Secret Pop

Nov 12, 2003

Staving Off the Blues

I almost wished the rain had kept up. I would have put a log on the fire and been grateful to get in from out of the cold and wet. Instead, it's just another night. The roads don't smell that rainsoaked way. And I carried my umbrella for nothing. Just flash flood advisories and puddling up in the gutters. But no real excuse for feeling the grey and the cold in the deep parts of your person. I felt better in some ways today. Not quite as deteriorated from the crippling work schedule and the sleep deprivation and the continuing allergic epic. But not quite halycon. And also somehow paralyzed and unable to shake the desire to go somewhere far away and never come back.

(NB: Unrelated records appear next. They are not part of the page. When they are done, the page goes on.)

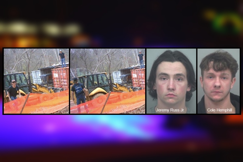 In reviewing the surveillance footage, two suspects were seen on camera damaging windshield wipers from two excavators, spray painting, jamming a screwdriver into the seat of a construction vehicle, and stealing two SIM cards from a security camera.
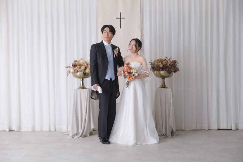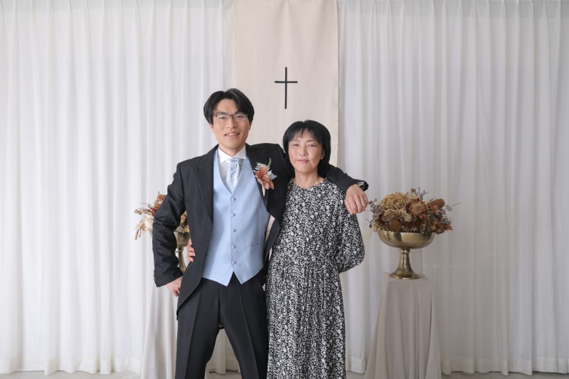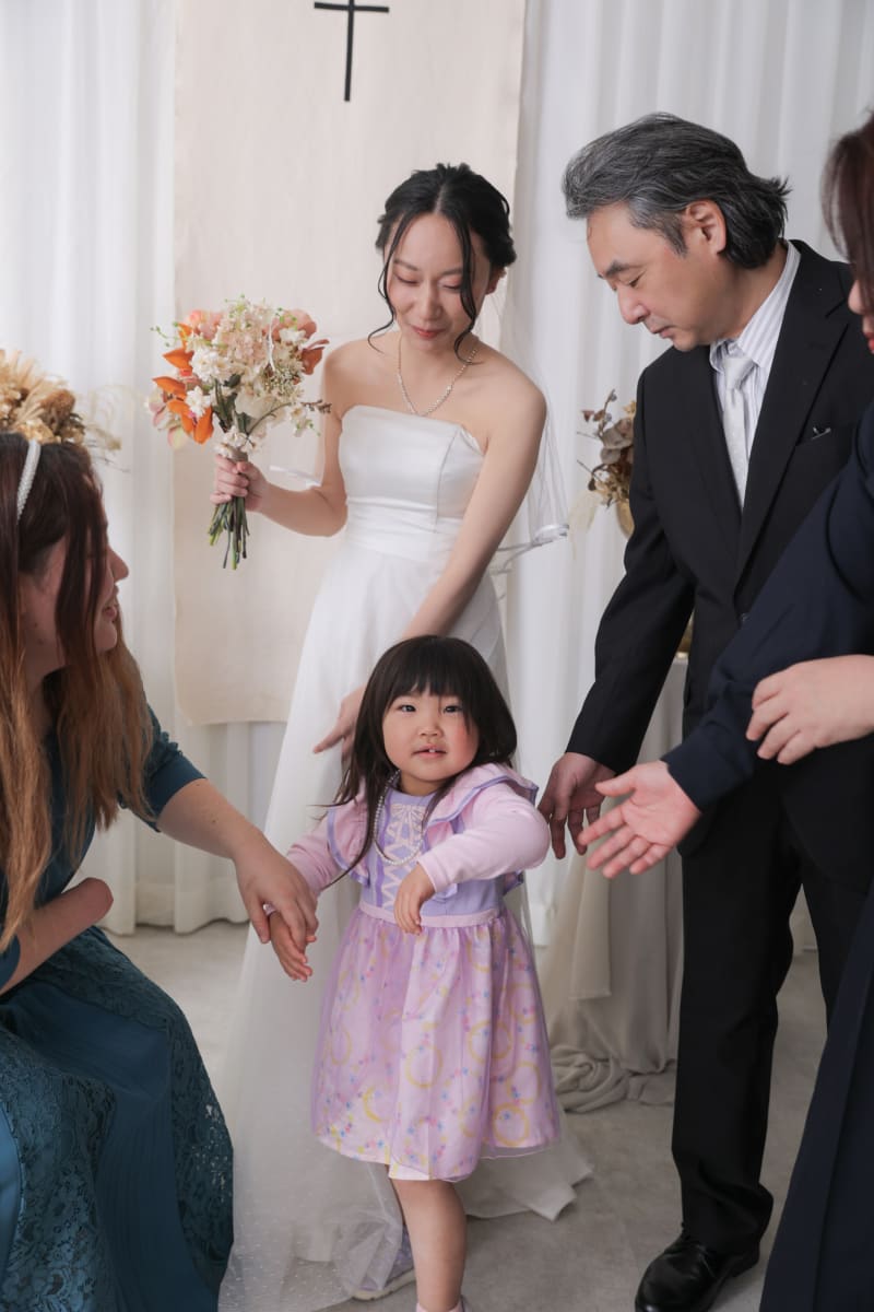 純白のカーテンと十字架が印象的なセットで、撮影はスタート。ご両親との絆を感じる一枚や、お子様の可愛らしい飛び入り参加もあり、終始笑い声が絶えないアットホームな時間に。大切な人たちに見守られながら、感謝の気持ちが溢れ出す温かなシーンとなりました。
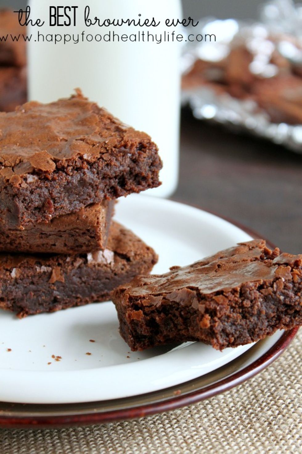 These are my interpretation of the BEST brownies ever! The perfect combination of fudgy center with flaky-cakey tops, and the most wonderful flavor ever! There are only a few ingredients and you probably have them all in your kitchen right now. What's stopping you?!
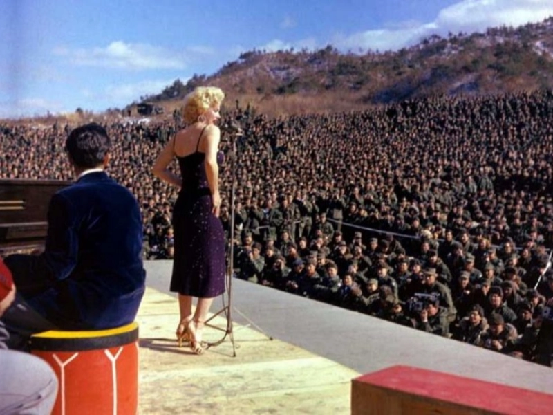 In 1954, the renowned Marilyn Monroe sang a song for the troops.Marilyn Monroe was an American actress, singer, and model who rose to fame in Hollywood and became a cultural icon. Both on and off film, she was renowned for her beauty, charm, and charisma.

I sometimes liken the disquiet of the creative spirit to the prodding of demanding ghosts. Whispers that keep me from being happy with things. That keep me from ever being done. It's like the work keeps me from disappearing, and I'm afraid of it ever actually ending. I will always be the girl with the painting that was never finished. The poem with only one stanza completed. The manuscript with nothing but a title and a list of character names. There's a scene in Tampopo wherein the mother of this family is dying, and her husband is rushing home to be there because he knows there isn't much time. He sees her succumbing and he yells at her to get up and cook the dinner. So she mutely rises from her bed and begins to make fried rice. And once she has served her husband and children, she dies. It's like that. I'm just playing it so I've always got that one last meal to cook. And it's very likely that it would be fried rice.